Being overweight will seriously reduce the chances of a healthy older age as there is a greater risk of heart disease, stroke, arthritis and diabetes. If you have a weight problem, talk to your doctor about ways to tackle it.

Regular exercise helps to prevent high blood pressure, heart disease, stroke, poor circulation, depression, obesity, joint and bone problems… in fact a very long list of the ailments of later life! An enjoyable form of activity, be it walking, cycling, swimming, dancing or whatever, undertaken for three or four 20 minute sessions a week, can make the difference between good health and sickness and immobility. The right exercise not only keeps us healthy, it enhances general enjoyment of life because it puts the vitality into our years. Older people are advised to take medical advice before starting unaccustomed exercise however, and it is always a good idea to build up exercise tolerance gradually.

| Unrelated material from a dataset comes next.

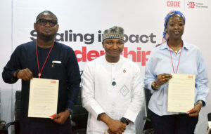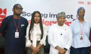 Pic.. From left: Secretary General, Follow The Money International, Mukhtar Halilu; Chief Operating Officer, Connected Development (CODE), Ijeoma Oforka; Chief Executive of CODE, Hamzat Lawal and the Head of Office/acting Chief Executing of CODE, Hyeladzira Mshelia, during a news conference to commemorate Lawal’s 13th years of impact at CODE and announcement of CODE’s acting leadership, in Abuja on Monday (1/9/25). 0002/MON/SEP/1/2025/Hogan Bassey/NANPic.. From left: Secretary General, Follow The Money International, Mukhtar Halilu; Chief Executive of Connected Development (CODE), Hamzat Lawal and the Head of Office/acting Chief Executing of CODE, Hyeladzira Mshelia, during a news conference to commemorate Lawal’s 13th years of impact at CODE and announcement of CODE’s acting leadership, in Abuja on Monday (1/9/25). MON/SEP/1/2025/Hogan Bassey/NANPic.. Head of Legal Service, Connected Development (CODE), Ada Mba (L) administering oath of office to the Head of Office/acting Chief Executing of CODE, Hyeladzira Mshelia, during a news conference to commemorate Lawal’s 13th years of impact at CODE and announcement of CODE’s acting leadership, in Abuja on Monday (1/9/25). With them is the Chief Executive of CODE, Hamzat Lawal (M). 0003/MON/SEP/1/2025/Hogan Bassey/NAN

The brain needs exercise too, as research shows that our cognitive functions can be kept agile by doing regular mental gymnastics. Crosswords and puzzles are excellent mental gyms, as are discussion groups and many kinds of voluntary work. Learning something new is a good way to exercise the brain and we are never too old to learn a new skill, whether it is how to use a computer and go surfing the Internet, or a new language, or a craft skill. Developing new interests in later life is also a good strategy for avoiding depression.

The best time to adopt a healthy lifestyle is when we are young - it is, after all, an investment in our own future. But it's never too late to start. Our exercise research has shown that people in their 80s and 90s can regain muscle strength and mobility by regular gentle exercises.